===== DATA UNDER STUDY

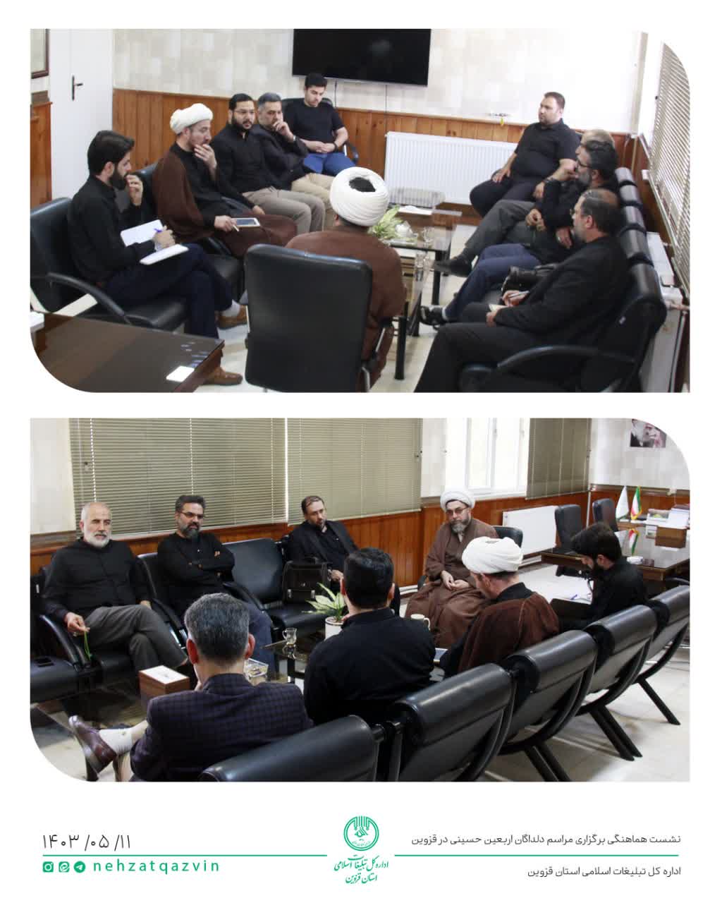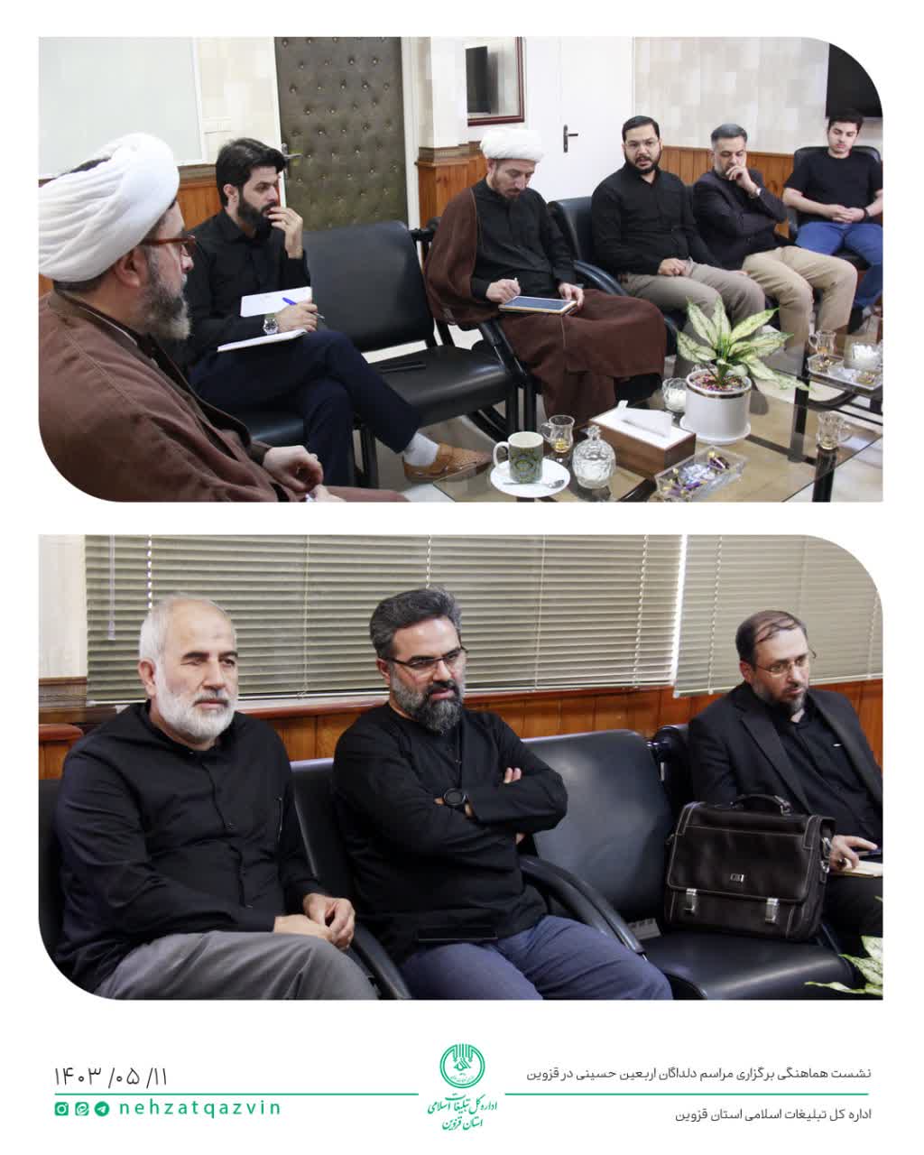 مکان این نشست در اداره کل تبلیغات اسلامی استان قزوین بود و در آن تلاش شد تا با همفکری و همکاری تمامی نهادهای مرتبط، زمینههای لازم برای برگزاری هرچه با شکوهتر این مراسم فراهم شود تا زائران حسینی بتوانند در فضایی معنوی و امن به زیارت و عزاداری بپردازند.
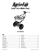 ENGLISH 9. SAFETY INFORMATION 1. 2. 3. Read the information on the chemical package for instructions and cautions on handling and applying. Wear eye and hand protection when handling and when applying lawn or garden chemicals. Never allow children to operate the vehicle or spreader. STORING 1. 2. 3. ASSEMBLY The meanings of symbols used in the illustrations are as follows: 1. Tighten now. OPERATION Do not use powdered lawn chemicals. They do not give a satisfactory or consistent broadcast pattern.
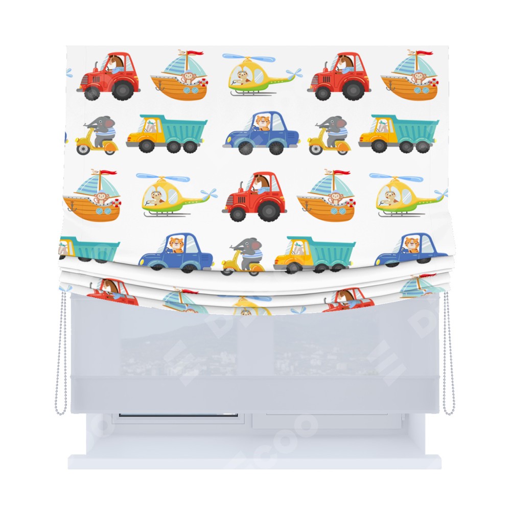Римская штора день-ночь производителя «Cortin», используется для проёма, пошита из двух полотен, с лицевой блэкаут с нанесением сублимационной печати «Увлекательная поездка», вторая ткань тюль (по стандарту комплектуется тюль белого цвета артикул V-01). Имеет универсальный механизм и подходит для монтажа: на потолок, на стену и в нишу. Удобное управление каждой шторой отдельно.
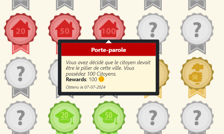 J'ai 100 citoyens et je suppose qu'il va falloir monter à 250 puis 500(en regardant dans les succès) + à refaire pour les 10 autres restants... On en a pour 5 ans avant de finir le jeu
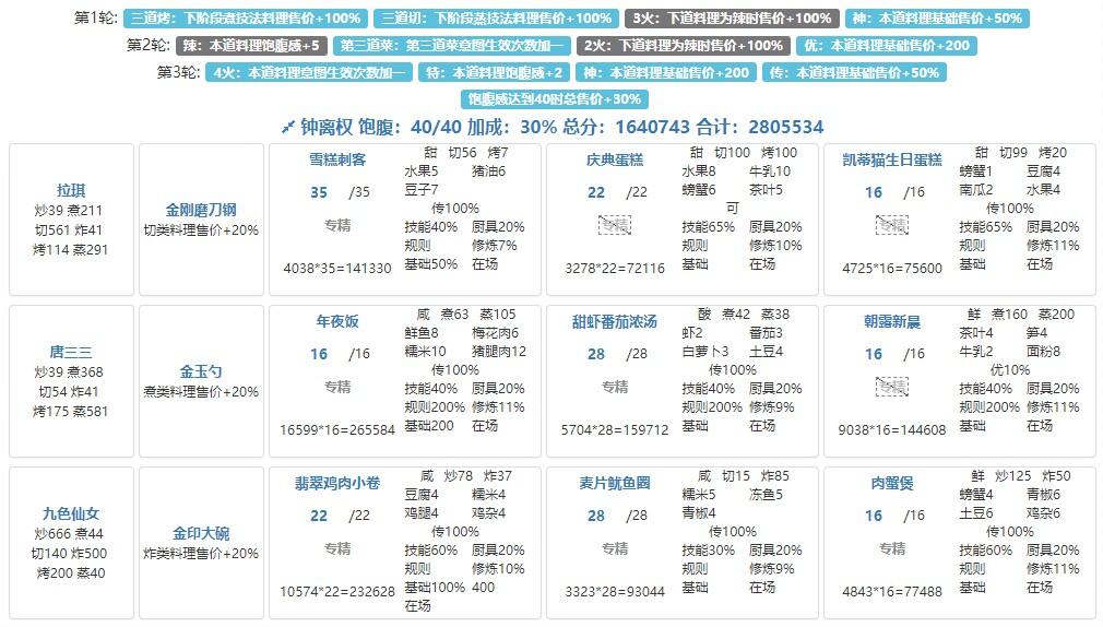 🧱前排提醒⭐️想较7.7,成功从三档进步到稳四档,方案需要大量专精和新手池厨具,具体见P1-2。基修高可以不管厨具,效果图见P3-4。⭐️该方案无特别好的优化菜谱,建议用l图鉴网调试。
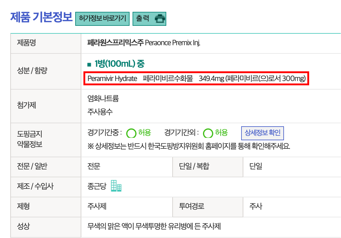 세부내역서를 보니 "페라원스프리믹스주(페라미비르수화물)" 주사제에서
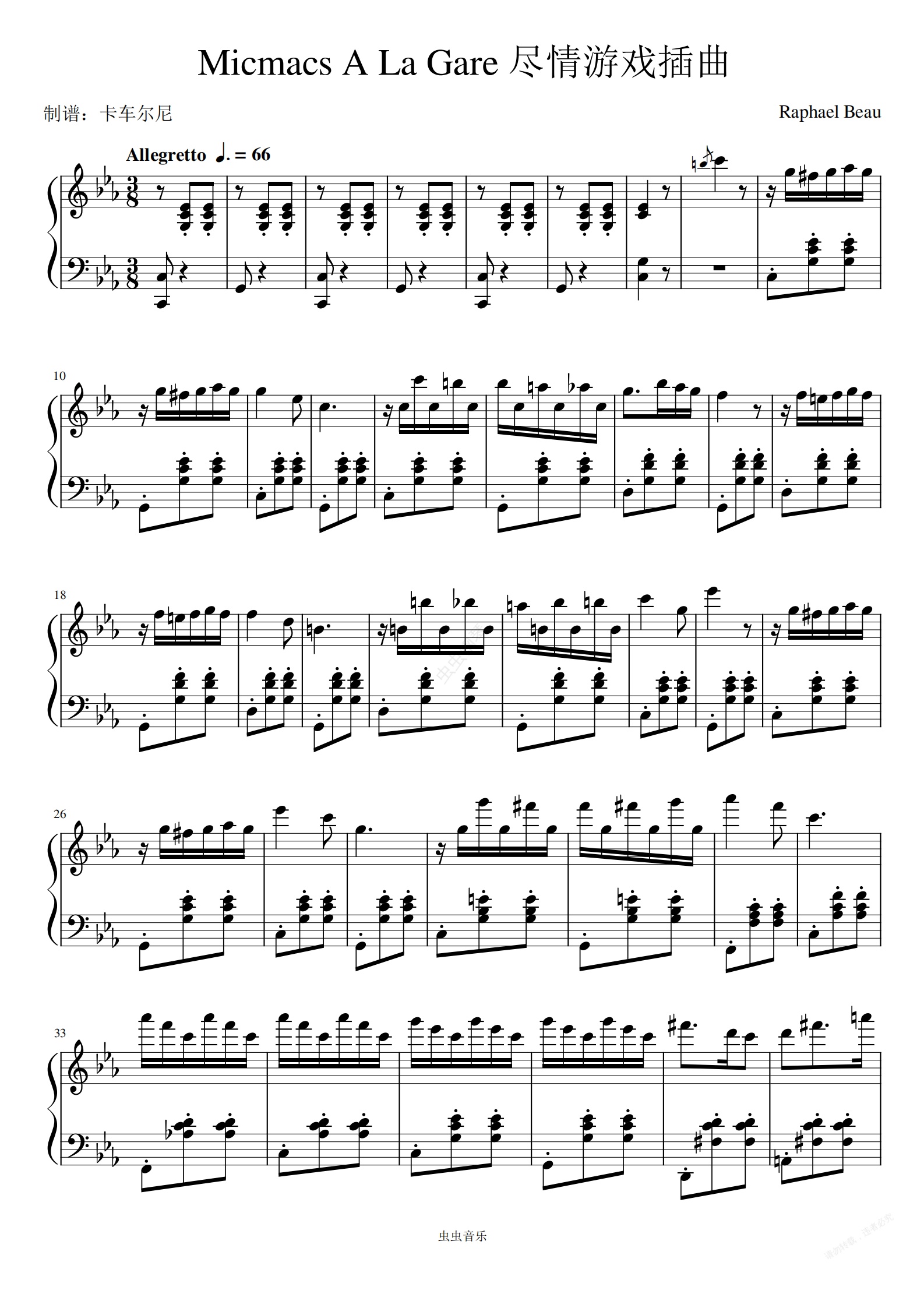 钢琴谱:尽情游戏插曲 micmacs a la gare 钢琴演奏版
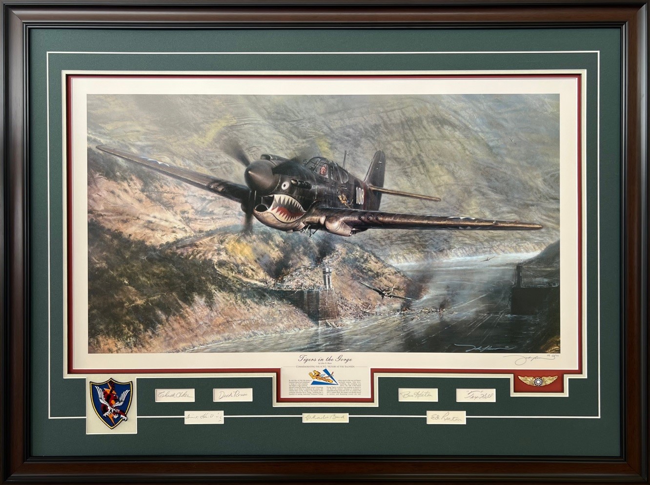 The painting Tigers in the Gorge was completed in 2002. This was John Shaw’s third in series of AVG scenes, preceded by American Volunteer Group in China (1995), and By the Dawn’s Early Light (1996). A lithograph edition was signed by members of the AVG at a gathering in San Antonio, Texas that year, the home town of the well-loved AVG ace “Tex” Hill.
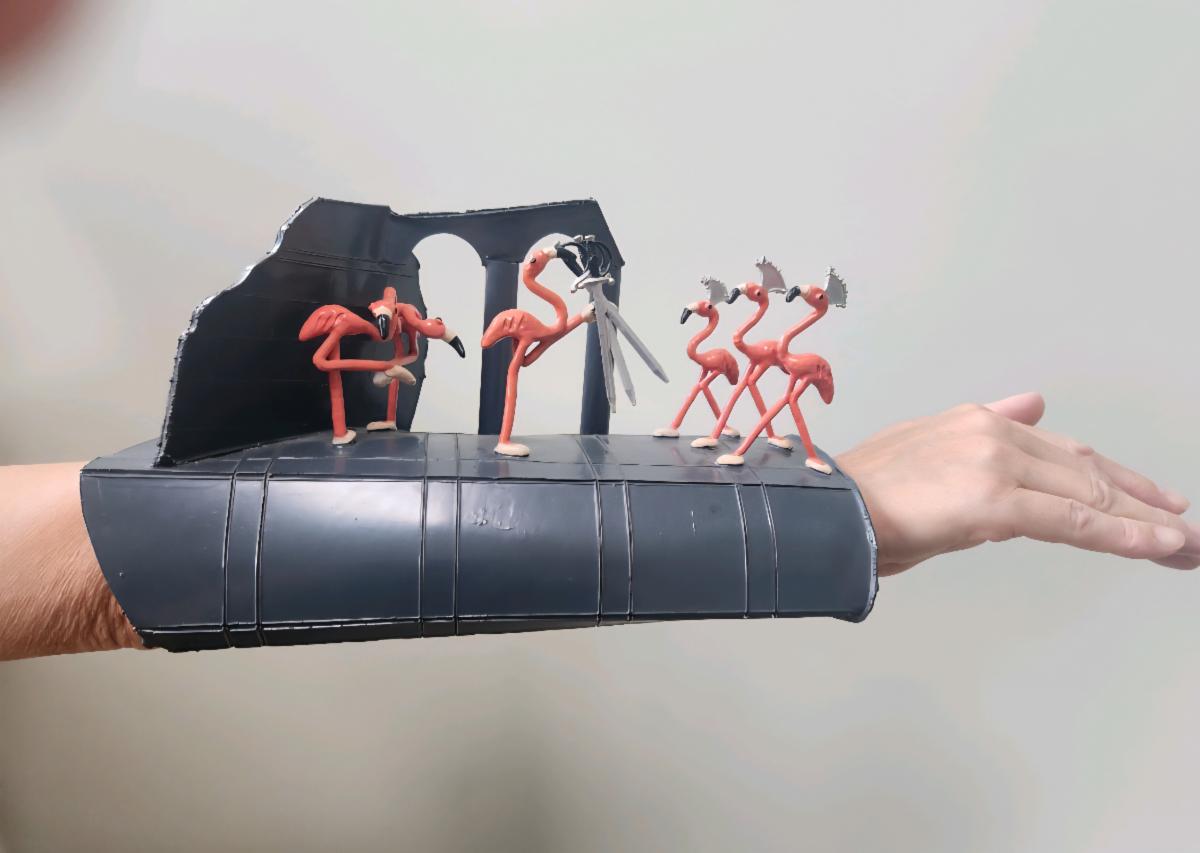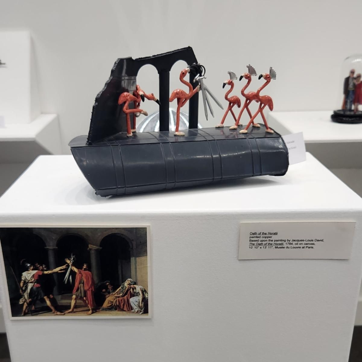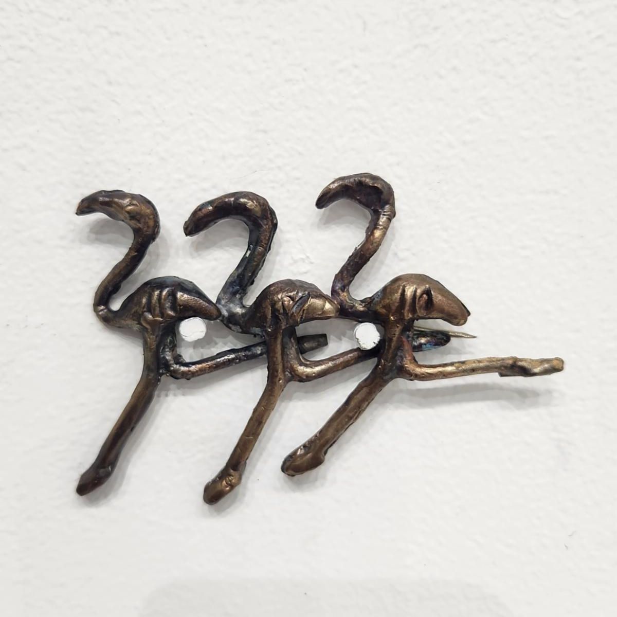| | Several pieces by metalsmithing artist and lecturer Robert Schroeder have been selected for a prestigious jewelry show at the Bernice Steinbaum Gallery in Miami, Florida. The exhibition celebrates jewelry by artists who are not jewelers by trade or tradition. Cast in bronze or sterling silver, his fabulous flamingo brooches are lightweight and wearable due to their hollow design. The gauntlet featured is part of a series of irreverent bracelets satirizing well-known, historic paintings. This one is based on “The Oath of the Horati” and is fashioned from painted, electroformed copper. | | |
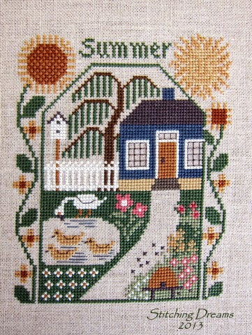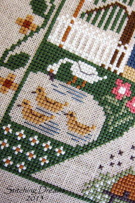 "Summer" is stitched on 32 ct. flax Belfast linen using the suggested DMC colors (except for the little ducks which I changed to a lighter gold than was charted). I changed the ducks' beaks, too (using straight stitches rather than cross stitches), and gave them French Knots (well, my odd version!) for eyes. There is a mistake on this chart--the sunflowers on the left were charted for a different color than the ones on the right although in the photo they were all the same, so I stitched them all in the lighter gold.

==========

Transcribe the records verbatim, excluding pictures.

SOLVED EXERCISE —
 مکان این نشست در اداره کل تبلیغات اسلامی استان قزوین بود و در آن تلاش شد تا با همفکری و همکاری تمامی نهادهای مرتبط، زمینههای لازم برای برگزاری هرچه با شکوهتر این مراسم فراهم شود تا زائران حسینی بتوانند در فضایی معنوی و امن به زیارت و عزاداری بپردازند.
 ENGLISH 9. SAFETY INFORMATION 1. 2. 3. Read the information on the chemical package for instructions and cautions on handling and applying. Wear eye and hand protection when handling and when applying lawn or garden chemicals. Never allow children to operate the vehicle or spreader. STORING 1. 2. 3. ASSEMBLY The meanings of symbols used in the illustrations are as follows: 1. Tighten now. OPERATION Do not use powdered lawn chemicals. They do not give a satisfactory or consistent broadcast pattern.
Римская штора день-ночь производителя «Cortin», используется для проёма, пошита из двух полотен, с лицевой блэкаут с нанесением сублимационной печати «Увлекательная поездка», вторая ткань тюль (по стандарту комплектуется тюль белого цвета артикул V-01). Имеет универсальный механизм и подходит для монтажа: на потолок, на стену и в нишу. Удобное управление каждой шторой отдельно.
 J'ai 100 citoyens et je suppose qu'il va falloir monter à 250 puis 500(en regardant dans les succès) + à refaire pour les 10 autres restants... On en a pour 5 ans avant de finir le jeu
 🧱前排提醒⭐️想较7.7,成功从三档进步到稳四档,方案需要大量专精和新手池厨具,具体见P1-2。基修高可以不管厨具,效果图见P3-4。⭐️该方案无特别好的优化菜谱,建议用l图鉴网调试。
 세부내역서를 보니 "페라원스프리믹스주(페라미비르수화물)" 주사제에서
 钢琴谱:尽情游戏插曲 micmacs a la gare 钢琴演奏版
 The painting Tigers in the Gorge was completed in 2002. This was John Shaw’s third in series of AVG scenes, preceded by American Volunteer Group in China (1995), and By the Dawn’s Early Light (1996). A lithograph edition was signed by members of the AVG at a gathering in San Antonio, Texas that year, the home town of the well-loved AVG ace “Tex” Hill.
| | Several pieces by metalsmithing artist and lecturer Robert Schroeder have been selected for a prestigious jewelry show at the Bernice Steinbaum Gallery in Miami, Florida. The exhibition celebrates jewelry by artists who are not jewelers by trade or tradition. Cast in bronze or sterling silver, his fabulous flamingo brooches are lightweight and wearable due to their hollow design. The gauntlet featured is part of a series of irreverent bracelets satirizing well-known, historic paintings. This one is based on “The Oath of the Horati” and is fashioned from painted, electroformed copper. | | |
 "Summer" is stitched on 32 ct. flax Belfast linen using the suggested DMC colors (except for the little ducks which I changed to a lighter gold than was charted). I changed the ducks' beaks, too (using straight stitches rather than cross stitches), and gave them French Knots (well, my odd version!) for eyes. There is a mistake on this chart--the sunflowers on the left were charted for a different color than the ones on the right although in the photo they were all the same, so I stitched them all in the lighter gold.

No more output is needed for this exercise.